無煙たばこの規制が難しい背景には、文化的な要因があります。インドでは檳榔子を噛む習慣が数千年の歴史を持ち、宗教的な儀式や社交の場でも使われています。女性にとっても喫煙より社会的に受け入れられやすいため、女性の無煙たばこ使用率は比較的高い水準にあります。

また、製品の価格が極めて安く、路上の露店やキオスクで気軽に購入できることも普及の要因です。1パック数ルピー(数円程度)から購入可能で、低所得層にも広く浸透しています。

規制の取り組みと残る課題

グトゥカ禁止令の効果と限界

インドでは複数の州がグトゥカやたばこ入りパンマサラの販売禁止令を出しています。
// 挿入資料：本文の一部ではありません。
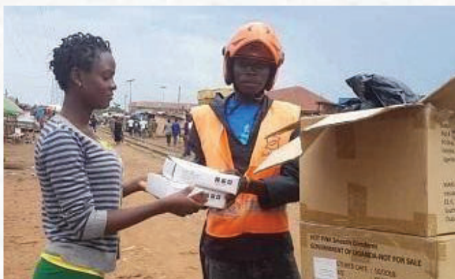
Customer receives delivery of RH supplies from SafeBoda driver.

condoms from the government. When the order was placed, the app identified the closest pharmacy within a seven-kilometer radius with the item in stock and alerted the nearest SafeBoda driver. The driver then picked up the item and delivered it to the user.
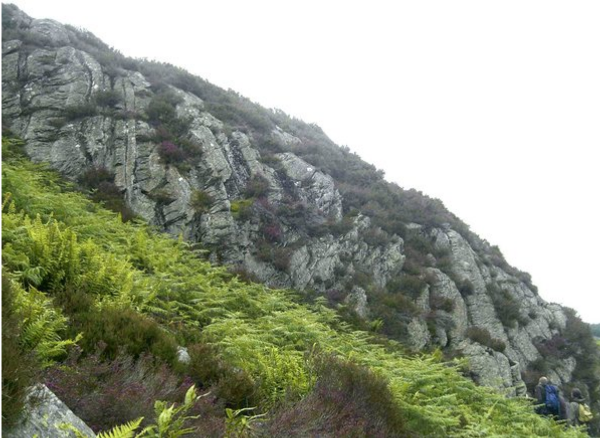
(Plate S.1) Downward-facing F_1 folds close to the downbent hinge zone of the Tay Nappe in Dalradian rocks at Little Glen Shee. See (Figure 18.3) .
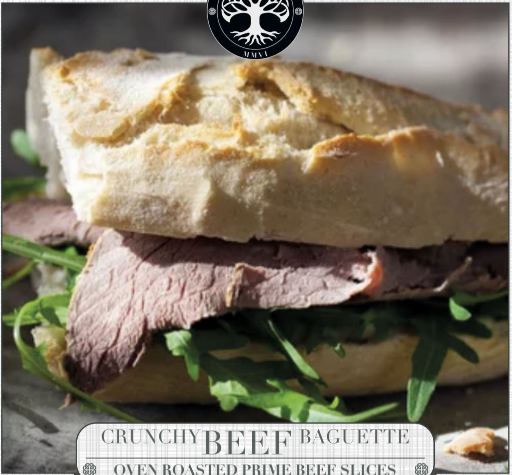
CRUNCHY BEEF BAGUETTE
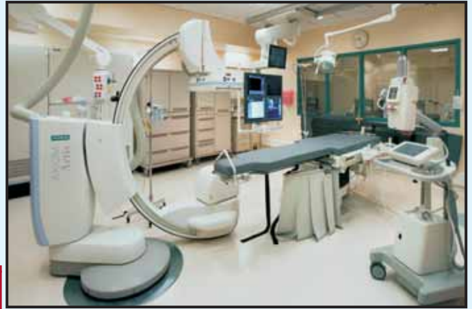
Cath Lab Procedure Room at Ephrata Community Hospital

A. Bob Graupensperger: Outpatient surgery is certainly increasing more rapidly than inpatient surgery. Since 2000 our inpatient surgical volumes have increased by 17% and outpatient surgical volumes have increased by 43%. The shift from inpatient to outpatient is based on technology capabilities and new procedures. Since 1998 we've added seven surgical suites dedicated specifically to outpatient services.
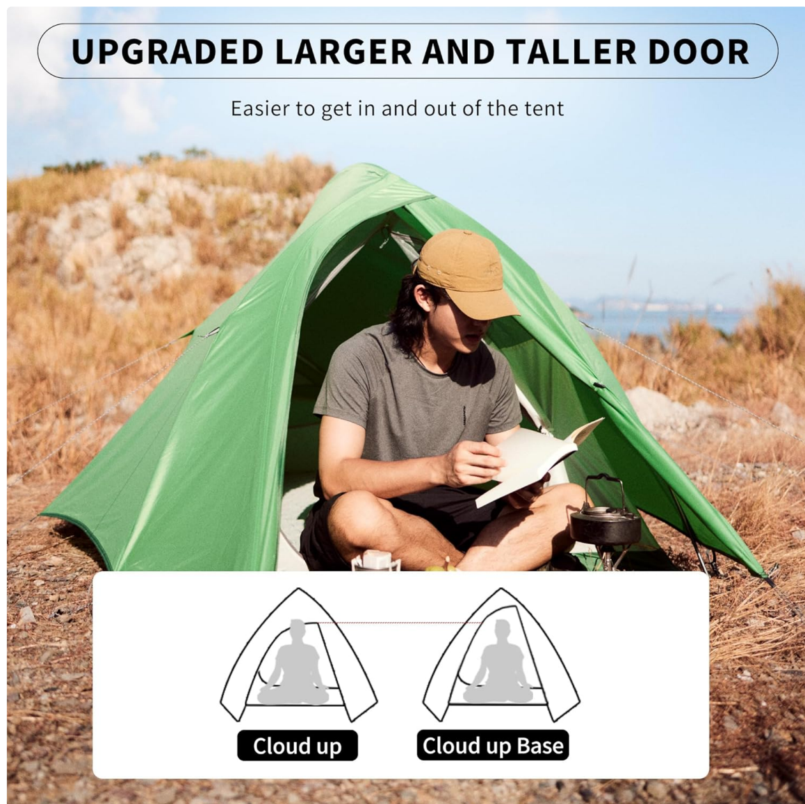
Image: A person comfortably seated inside the tent, highlighting the upgraded larger and taller door for easy access.

The tent features a larger and taller front door for easier entry and exit. The front vestibule provides ample space to store gear such as shoes, backpacks, and cooking equipment, keeping the inner tent clean and dry. In bad weather, the vestibule allows for cooking without leaving the tent.
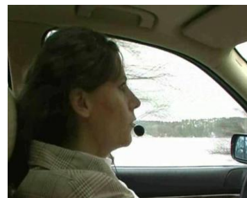
The Personal DJ running as a pilot in a BMW.

Dialogue Technologies' Ergo platform translates commands and queries in natural language to database queries – e.g. selecting the music to play. The resulting applications have no hierarchy – you can ask any question in any order. You can supply as much information as you want – Play 'White Christmas' by 'Irving Berlin' sung by 'Bing Crosby' – or as little information as you want – Play 'White Christmas.' In case the Personal DJ finds many alternatives an intelligent dialogue is launched to help the user find exactly what he/she is looking for. Can the requested song not be found a set of help features assists the user.
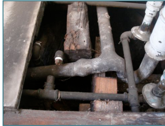
Example of lead pipes in a plumbing system.
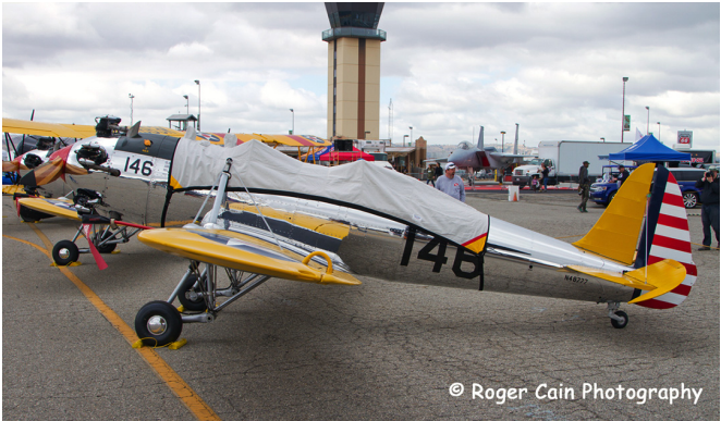
Ryan PT-22 Canopy Cover
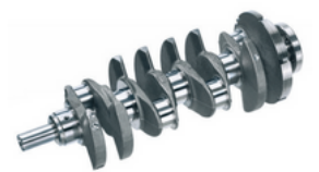
CRANK SHAFT A5272079

For accurate identification of your requirements please give us a call. There is no liability taken for incorrect ordering of parts if you select from the above. Illustrations are samples only and are not specific to the part.
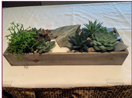
Special Exhibit - Dish Garden

Review and Demonstration of Special Exhibits – Over 50 people were in attendance to hear Judy Fine, a well-known floral designer and OHA certified and GCO accredited floral design judge, review definitions in OJES for Special Exhibits which form a separate Division in our Flower Shows, and watch her demonstrate each of them including the following: Plants and Flowers, Dish Garden and Fairy Garden (see photos).

マハラシュトラ州は販売、展示、製造、流通を全面的に禁止し、WHOもこの措置を「インドにおける口腔たばこ規制の非常に歓迎すべき一歩」と評価しました。タミルナドゥ州、ケララ州、アンドラプラデシュ州、ゴア州、グジャラート州なども同様の禁止措置を講じています。

しかし、禁止令の実効性には限界があります。違法な製造・流通ネットワークが根強く存在し、州境を越えた密輸も横行しています。取り締まりの人員不足や、法執行の不徹底も大きな課題です。

予防がもたらす可能性

研究によると、無煙たばこと檳榔子の消費を止めれば、口腔がん症例の約31%を予防できるとされています。この数字は、規制強化と啓発活動の重要性を物語っています。
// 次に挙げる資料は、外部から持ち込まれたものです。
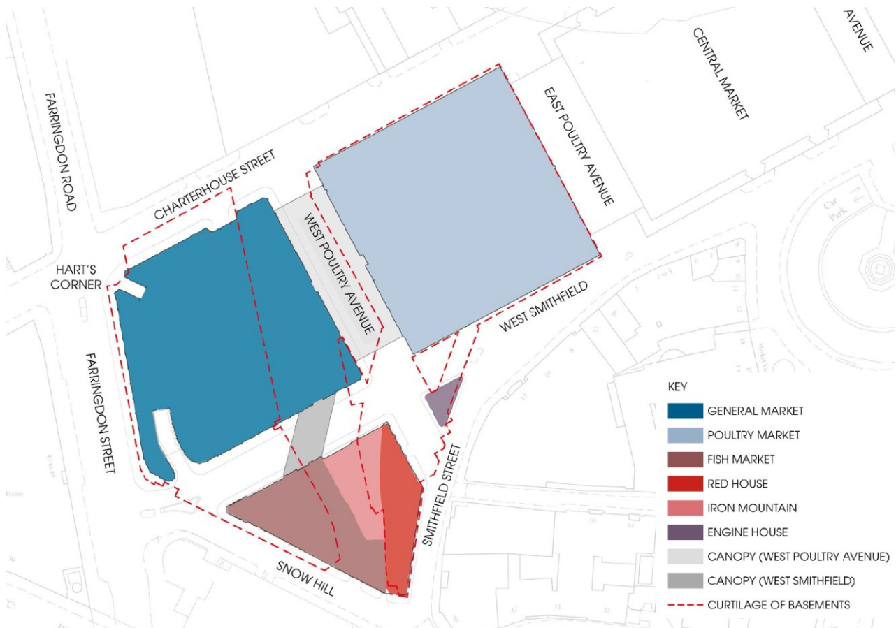
Figure 1 – existing site (above and below ground extents shown)

7 A raised wrought iron canopy structure exists between the General Market and Fish Market and passes over West Smithfield at first floor level. A canopy spans also West Poultry Avenue, a covered north-south route connecting West Smithfield and Charterhouse Street which bisects the two market buildings. The General Market and Fish Market are served by a basement of a substantial size, as is the 1960s Poultry Market. This is shown in Figure 1 in red outline and is split by the Thameslink railway tunnel, the tracks and sidings of which are also at basement level.
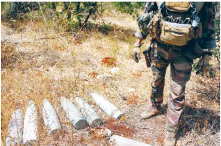
A French peacekeeper of the United Nations Interim Force in Lebanon (UNIFIL) stands by munitions formerly used by Iran-backed Hezbollah at a position that was held by the group in the Khraibeh Valley in el-Meri in south Lebanon

"We urge residents of the area... you are located near a
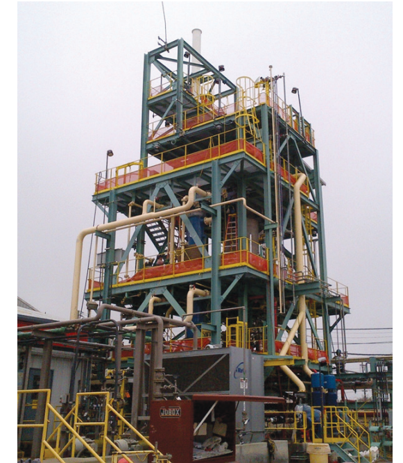
Halogenated Waste Thermal Oxidizer
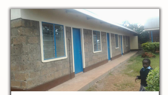
Elementary School Block WFPC Location: Waithaka, Nairobi, Kenya
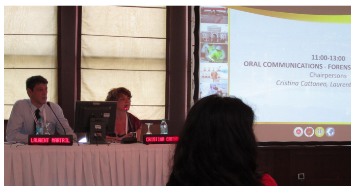
Opening of the Forensic Anthropology Session

Following the session, FASE members and interested scientists
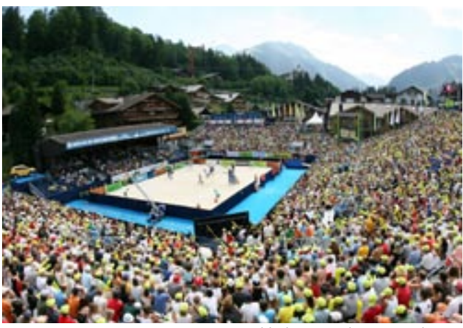
SWATCH FIVB World Championships Gstaad 2007

Staged every two years, the SWATCH FIVB Beach Volleyball World Championships feature the brightest stars of the SWATCH FIVB World Tour, with 48 teams of each gender taking part. The 2009 World Championships are set to take place in Stavanger, Norway, with total Prize Money of USD 1 Million. The chosen city will hope to emulate and improve upon the huge success of the 2007 event in Gstaad, Switzerland. Held in the foothills of the Swiss Alps, the event attracted tens of thousands of fans and showed how Beach Volleyball can be played everywhere and not only beside the sea.

インド政府は2011年にインド食品安全基準局(FSSAI)を通じてグトゥカの全国的な禁止を実施しましたが、形を変えた製品や名称変更による規制回避が後を絶ちません。

注意点・展望

インドの無煙たばこ問題を考える際、単純に「喫煙率低下=成功」と捉えるのは早計です。喫煙からの移行先として無煙たばこが選ばれているケースもあり、たばこ製品全体での包括的な対策が求められています。
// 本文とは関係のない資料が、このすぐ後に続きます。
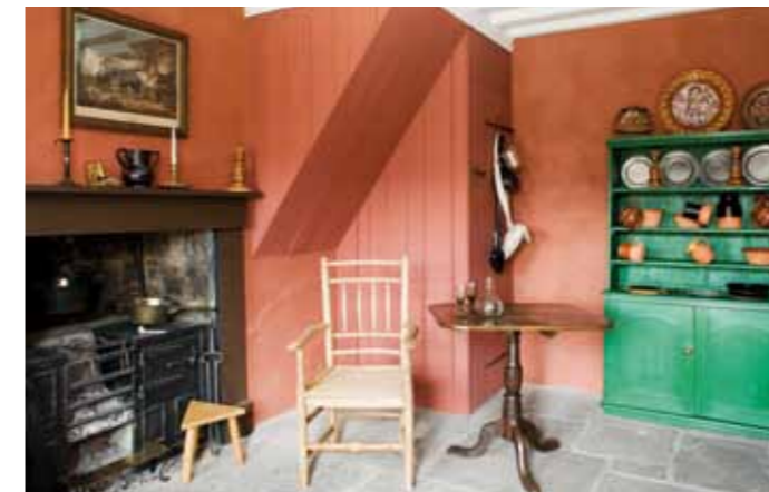
Inside one of the cottages

squalid conditions and often had to walk home for several miles after finishing a shift.
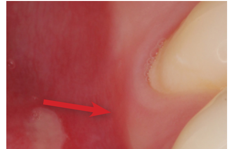
Canker Sore or “Aphthous Ulcer”

If the ulcer is the result of a disease process, it may worsen if left untreated. If it is caused by ongoing trauma, it may also worsen with time. In the rare event that it is cancer, it can lead to disfigurement or death if not diagnosed and treated in a timely manner.
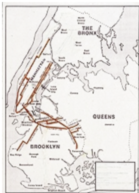
Illus. 4: Map of Elevated Lines
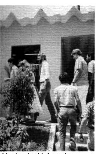
Nondenominational chapel services augment the moral and spiritual training provided through daily devotional sessions.

The student senate committee has assisted staff in developing a finely tuned points and levels system that determines most privileges such as dating, job choice, work pay, free time activities, etc.

今後の課題としては、以下の点が重要です。農村部への啓発活動の強化、若年層への教育プログラムの拡充、そして州ごとにばらつきのある規制の全国統一化です。特に北東部地域での使用率上昇は警戒が必要で、地域特性に応じた対策が不可欠です。

WHOのたばこ規制枠組条約(FCTC)のもと、インドは2030年までにたばこ使用率の30%削減を目指しています。この目標達成には、紙巻きたばこだけでなく無煙たばこへの対策を同等に強化することが鍵となります。

まとめ

インドは喫煙率の低下において大きな成果を上げましたが、約2億人が使用する無煙たばこという「見えにくい敵」が依然として国民の健康をむしばんでいます。世界最多の口腔がん症例、患者の若年化、農村部でのグトゥカ消費の急拡大など、課題は山積しています。

たばこ対策の成功は、紙巻きたばこだけでなく、文化的に根付いた無煙たばこにどこまで切り込めるかにかかっています。インドの経験は、たばこ規制の「盲点」として世界各国にとっても重要な教訓を提供しています。